Required work:
Please transcribe only the lines from the one holding "1999 Skyline GT-R" through the final line of the data, both included, with no pictures.

Dataset excerpt:
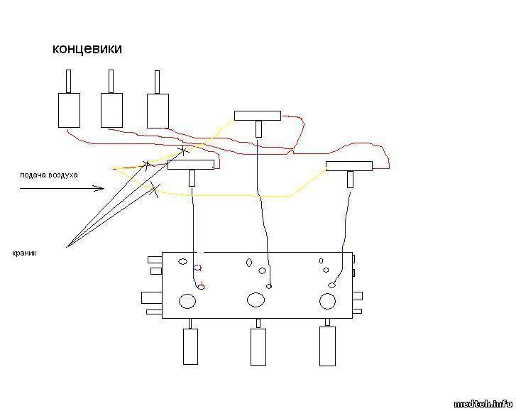 Я пытался подключить гребенку по схеме. краником отрегулировал поток воздуха, чтобы не травило сильно с концевого клапана. Но когда я поднимаю любой шланг, получается освобождаются и другие клапана и работают все шланги! Может у кого есть опыт по установке такой гребенки на американца с такими концевиками?
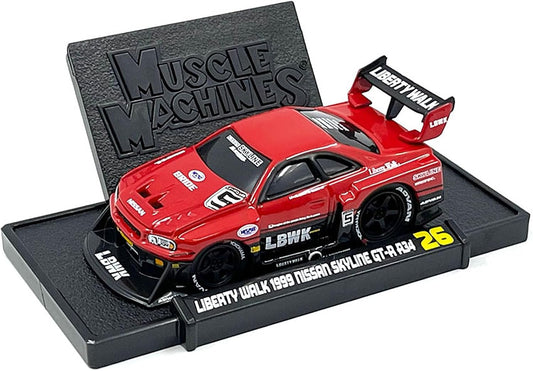 1999 Skyline GT-R (R34) #5 "Liberty Walk Red and Black 1/64 Diecast Model Car by Muscle Machines
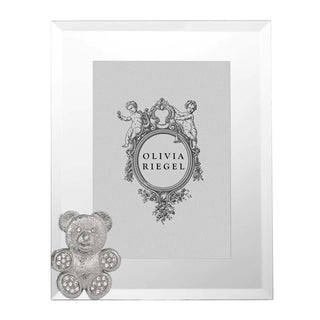 Celebrate cherished little ones with a touch of whimsical glam. Beveled mirrored glass frame, adorned with adorable teddy bear. Embellished with hand-set clear European crystals. Elegant moiré silk back. Tarnish resistant. Signature luxury gift box included.

Written answer:
 1999 Skyline GT-R (R34) #5 "Liberty Walk Red and Black 1/64 Diecast Model Car by Muscle Machines
 Celebrate cherished little ones with a touch of whimsical glam. Beveled mirrored glass frame, adorned with adorable teddy bear. Embellished with hand-set clear European crystals. Elegant moiré silk back. Tarnish resistant. Signature luxury gift box included.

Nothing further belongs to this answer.